19. Steinseen

»Schneller, Park!« brüllte Lieutenant Tsuya über den unbeschreiblichen Krach. »Wenn es was nützen soll, müssen wir in fünfzig Minuten unten an der Falte sein!«

»Aye, aye, Sir!« brüllte Gideon zurück und blinzelte mir zu. Er genoß die Sache, trotz der Widerwärtigkeiten und Gefahren. Mir fiel ein, wie er mich aus den Abwassern von Marinia gefischt hatte und welche Abenteuer wir danach bestehen mußten. Gefahr? Für Gideon war sie ein Aufmunterungsmittel.

Uns allen machte das Bewußtsein der Gefahr nichts aus. Wir konnten handeln, wir kämpften. Nur Harley Danthorpe schwieg und schien sich Sorgen zu machen.

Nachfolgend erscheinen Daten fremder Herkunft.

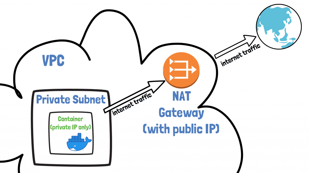 The AWS NAT Gateway is AWS's answer to giving a container internet access without having to assign it a public IP. It's like the internet gateway for private subnets.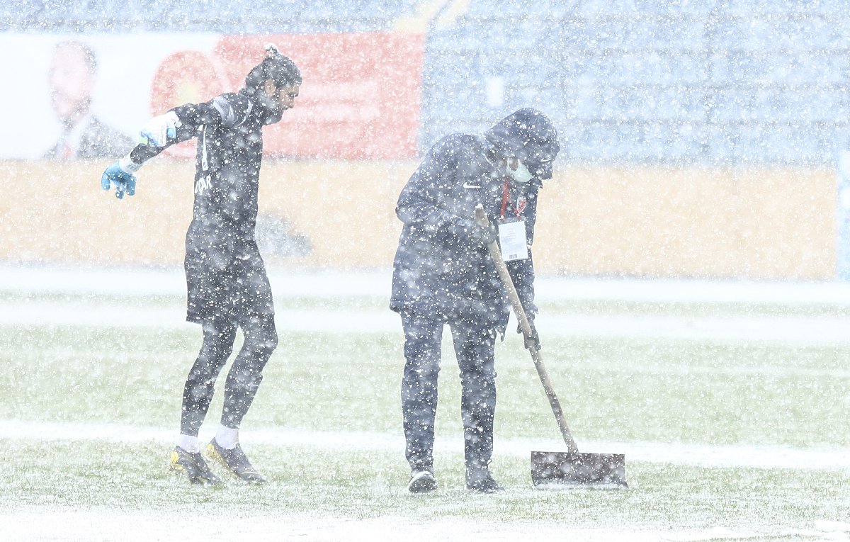 İlk yarının bitmesinin ardından saha çizgileri boyanarak belirgin hale getirildi. Yoğun kar yağışından saha görevlileri de nasibini aldı. İLGİLİ HABER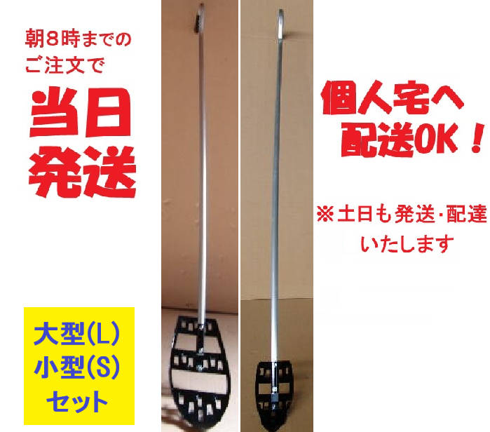 ★★★ 個人宅への配送できます。個人名でのご注文大歓迎です!★★★◆◆◆ 朝8時までのご注文で当日発送!◆◆◆◆◆◆ 土日も発送・配達いたします!◆◆◆【商品説明】はったんどり 大型(L)+ 小型(S)セット 水田用草取り機 軽さを追及した草取り機!腰を曲げない草取り作業は女性やお年寄りへの親切設計!動力除草機(ミニエース)の補助農具として!! ※除草剤を使わない自然農法・無農薬有機農法のために、実施農法の要望により開発した手軽で便利な人力草取り機です。※先端はソリ刃で軽く押すだけ、引く時はテパー爪が雑草をつかんで楽に根から抜き取ります。●枕地内や株間の草取リ作業に効果を発揮します。●高低が多く、部分的に繁茂し過ぎた場所の除草。●除草機(人力・動力)の通らない狭い蛇行した間。 仕様:大型(L) 本体(幅):18cm 長さ:40cm 材質:硬質鉄板 爪の個数:18 高さ調節:ネジ式 柄の素材:アルミ合金製パイプ (ゴムグリップ付) 寸法(長さ):160cm 重量 :1.1kg仕様:小型(S) 本体(幅):12cm 長さ:24cm 材質:硬質鉄板爪の個数:10 高さ調節:ネジ式 柄の素材:アルミ合金製パイプ (ゴムグリップ付) 寸法(長さ):160cm 重量:0.8kg【送付方法 】■個人宅への配送できます。■朝8時までのご注文で当日発送いたします。それ以降は翌日発送。■土日も発送・配達いたします。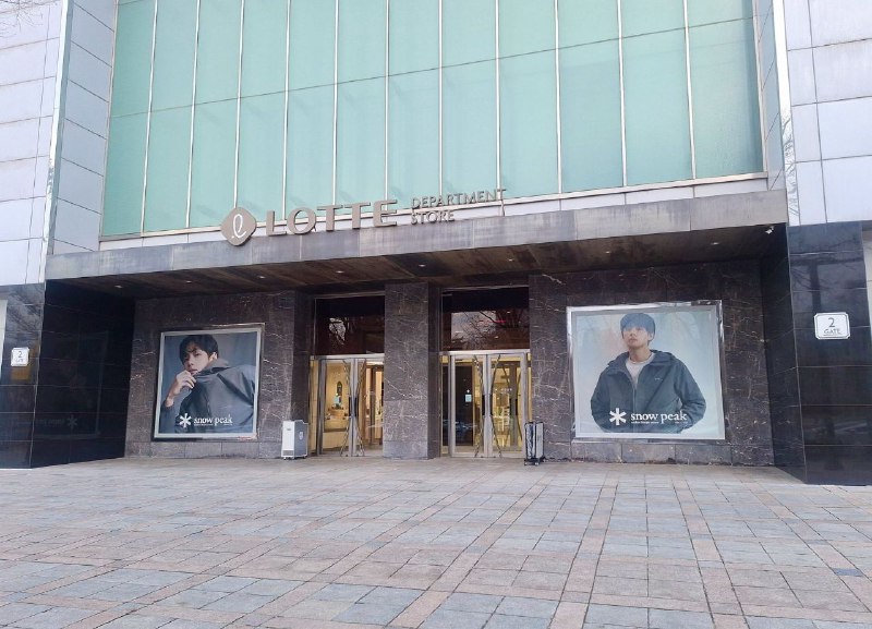 🖇 Рекламные плакаты с Тэхёном для Snow Peak у главного входа в LOTTE Department Store в Инчхоне! cr. BTSVChartData @taehyung_gallery

Mir fiel seine tragische Miene ein, als er zur Station K zurückkehrte, nachdem er Vater Tide zum Tiefsee-Kai gebracht hatte. In diesem Moment war der MOLE durch die Mauer gebrochen, und da hatte ich nicht viel Gelegenheit gehabt, Harley zu studieren. Aber etwas stimmte hier ganz und gar nicht.

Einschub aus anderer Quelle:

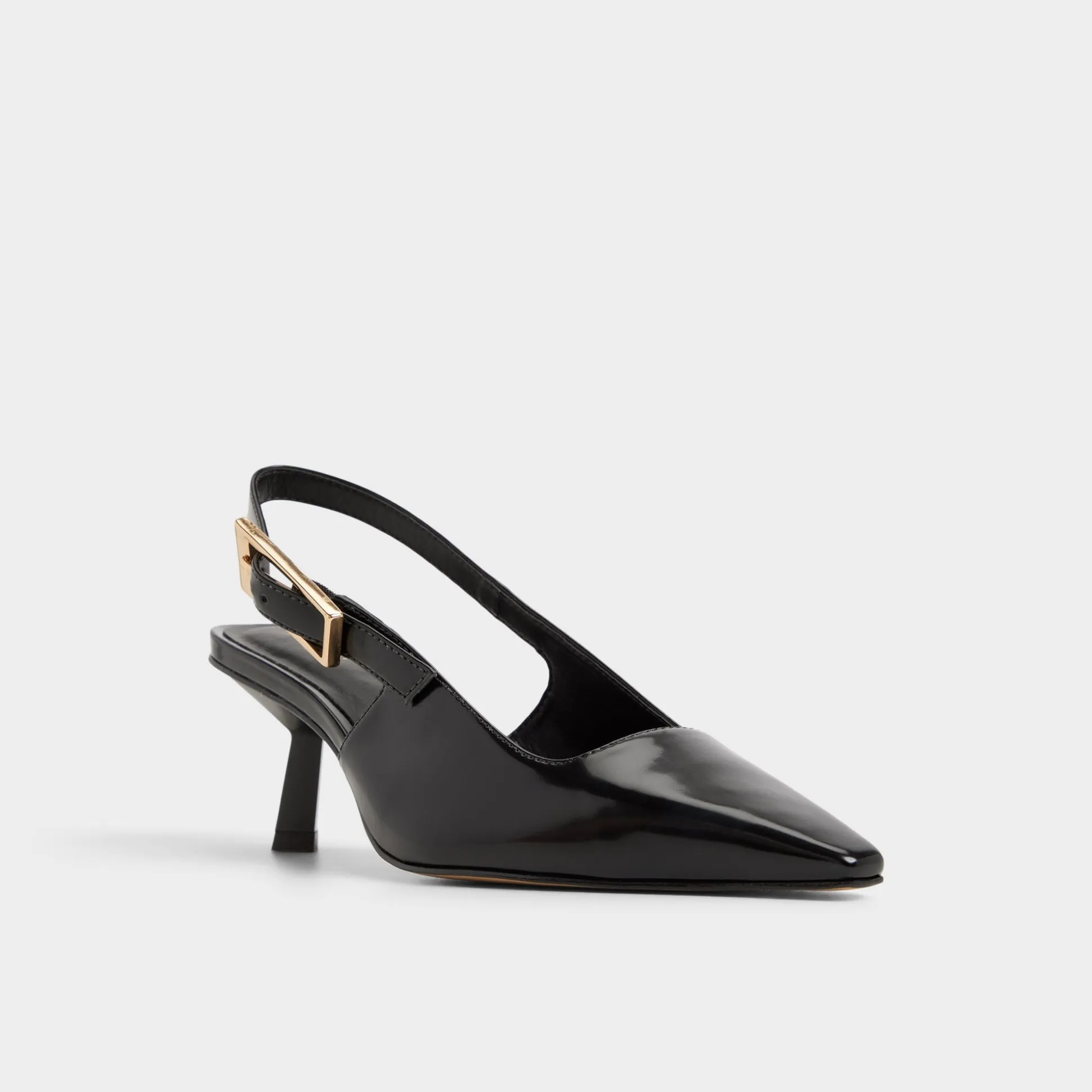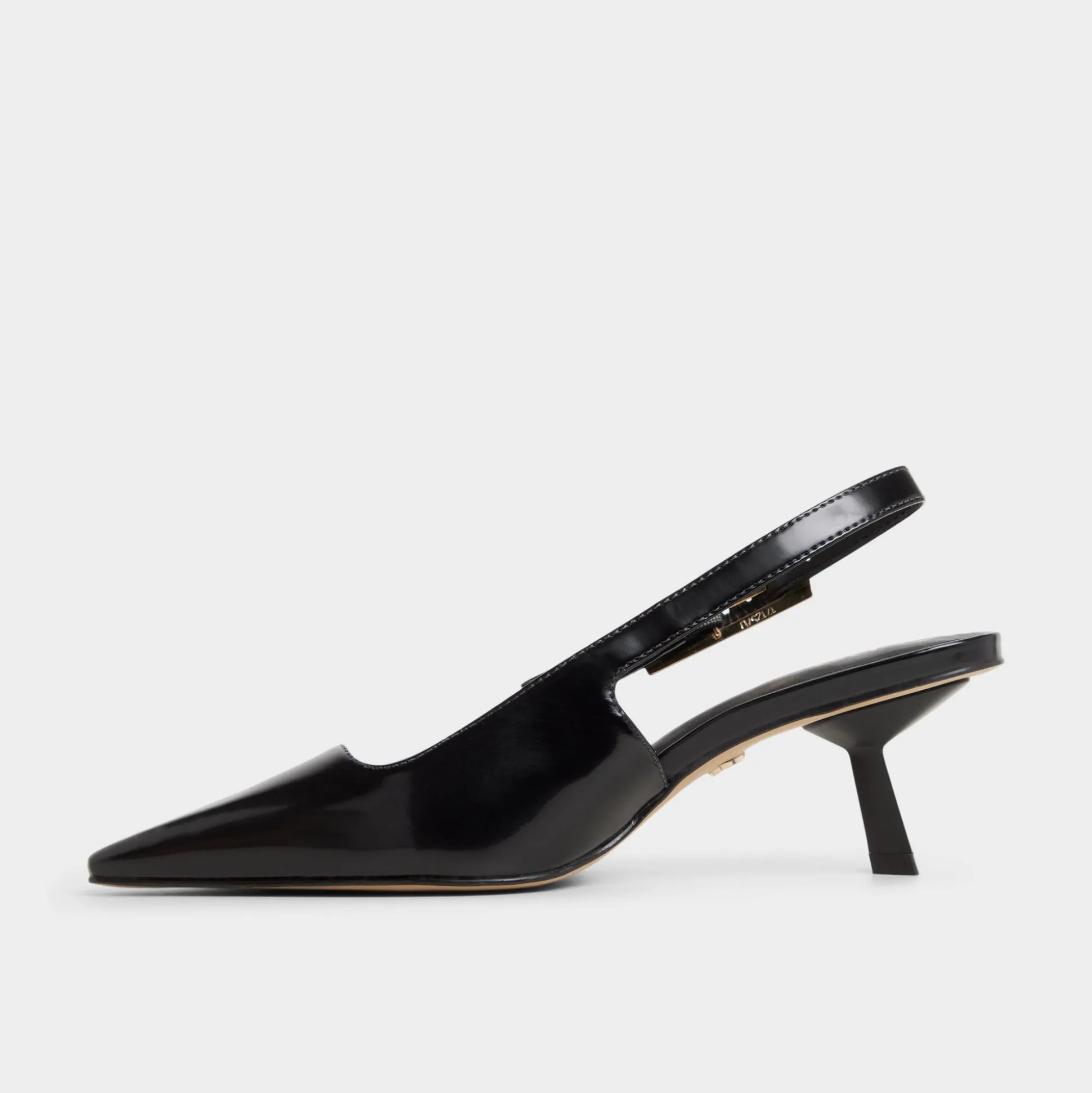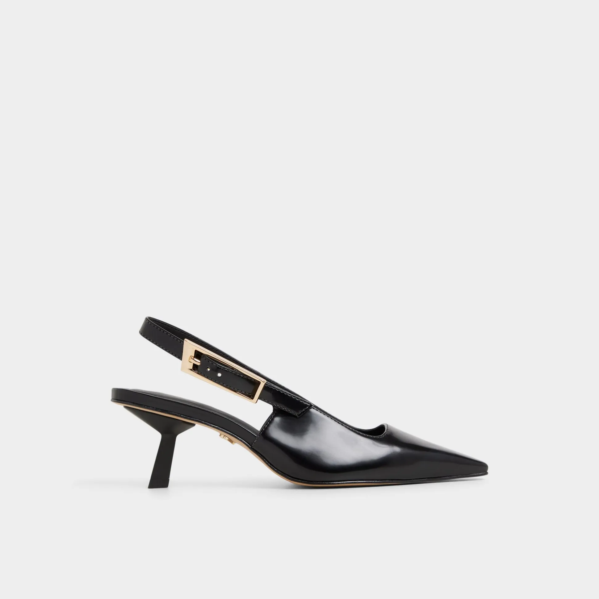 Midnight gloss leather sharpens the slingback silhouette, a gleaming gold buckle punctuating the strap as a low-set kitten heel keeps confidence effortless from desk to downtown through meetings, drinks, and quick city hops. Pair with tailored trousers for pitch meetings, or trade satin skirts for jazz-bar evenings when city lights glow.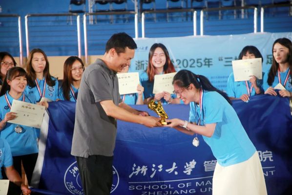 2023年,浙大管院党委副书记潘健为管院女足颁奖

Ich stemmte mich gegen das Schaukeln des Schiffes ein, das sich durch den Fels fraß, und ging zu ihm. Doch auch dafür blieb keine Zeit, denn Gideon Park befahl: »Die Zünder bereitmachen zum Ablegen! Dieser alte Eimer hat schon zuviel hinter sich. Sobald wir sie ausgelegt haben, müssen wir schleunigst von hier weg.«

Die nächste Zeit konnte ich also nicht mit ihm reden. Jede goldene Kugel mußte sehr sorgfältig im Entladeport ausgelegt werden. Das war so ähnlich wie eine pneumatische Torpedoröhre der alten U-Boote, hier natürlich mit Edenit verkleidet. Diese Ports waren allerdings dazu bestimmt, ihre Last im Gestein abzulegen, nicht im Wasser. Jede Torpedoröhre hatte ein Schneidewerkzeug am äußeren Verschluß. Die Einstellung dieser Werkzeuge war überaus schwierig. Nur die tüchtigsten Mechaniker der Flotte wurden für diesen Job bestimmt. Aber außer uns war niemand da. Also mußten wir die Sache machen. Und das taten wir auch.

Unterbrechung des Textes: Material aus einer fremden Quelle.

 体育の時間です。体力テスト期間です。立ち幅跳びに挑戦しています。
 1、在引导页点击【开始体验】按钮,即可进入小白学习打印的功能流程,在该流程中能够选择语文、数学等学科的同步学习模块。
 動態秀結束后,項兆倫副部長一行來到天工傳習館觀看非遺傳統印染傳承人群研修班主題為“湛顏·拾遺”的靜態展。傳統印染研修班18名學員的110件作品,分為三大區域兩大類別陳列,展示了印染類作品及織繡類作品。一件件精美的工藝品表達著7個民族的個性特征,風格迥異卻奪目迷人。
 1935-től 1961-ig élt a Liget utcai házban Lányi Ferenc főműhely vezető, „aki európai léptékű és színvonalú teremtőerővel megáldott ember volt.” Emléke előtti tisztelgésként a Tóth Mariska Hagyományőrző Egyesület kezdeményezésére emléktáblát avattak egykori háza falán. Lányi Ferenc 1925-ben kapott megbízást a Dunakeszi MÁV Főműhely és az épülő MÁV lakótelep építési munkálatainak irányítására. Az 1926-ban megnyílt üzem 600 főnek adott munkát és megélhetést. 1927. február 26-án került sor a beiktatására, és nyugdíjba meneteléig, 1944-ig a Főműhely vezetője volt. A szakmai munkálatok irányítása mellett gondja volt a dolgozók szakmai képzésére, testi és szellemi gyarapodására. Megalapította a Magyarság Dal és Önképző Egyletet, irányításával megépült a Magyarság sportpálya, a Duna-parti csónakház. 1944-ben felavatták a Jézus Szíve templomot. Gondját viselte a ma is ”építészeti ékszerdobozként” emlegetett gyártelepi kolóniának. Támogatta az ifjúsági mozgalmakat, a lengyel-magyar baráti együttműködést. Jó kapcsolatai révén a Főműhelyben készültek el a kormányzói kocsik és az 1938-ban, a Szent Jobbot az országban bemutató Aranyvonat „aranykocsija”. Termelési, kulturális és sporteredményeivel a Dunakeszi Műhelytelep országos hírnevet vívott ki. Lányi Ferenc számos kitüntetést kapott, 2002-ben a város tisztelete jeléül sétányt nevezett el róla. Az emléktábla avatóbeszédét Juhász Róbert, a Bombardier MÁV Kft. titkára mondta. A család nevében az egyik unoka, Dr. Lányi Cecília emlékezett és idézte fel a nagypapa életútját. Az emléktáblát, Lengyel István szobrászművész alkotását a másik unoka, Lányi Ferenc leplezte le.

Damit war unsere Arbeit noch lange nicht zu Ende. Danach mußten ja die Zünder noch aktiviert werden. Die Edelstahlbänder, die sie umgaben, waren eine Art Spannvorrichtung. Durch die vielen Jahre im Wasser hatten die Instrumente natürlich gelitten und waren nicht gerade leicht einzustellen. Jedes dieser Bänder mußte so gespannt werden, daß innen ein Sicherheitsstift eingedrückt wurde. Solange eine bestimmte Stelle dieses Bandes auch nur den Bruchteil eines Millimeters von diesem Sicherheitsstift entfernt war, konnte nichts passieren; da konnten wir sie in den heißen Fels werfen, so weit wir nur wollten. Nur ein unwahrscheinlicher Zufall konnte sie zur Explosion bringen.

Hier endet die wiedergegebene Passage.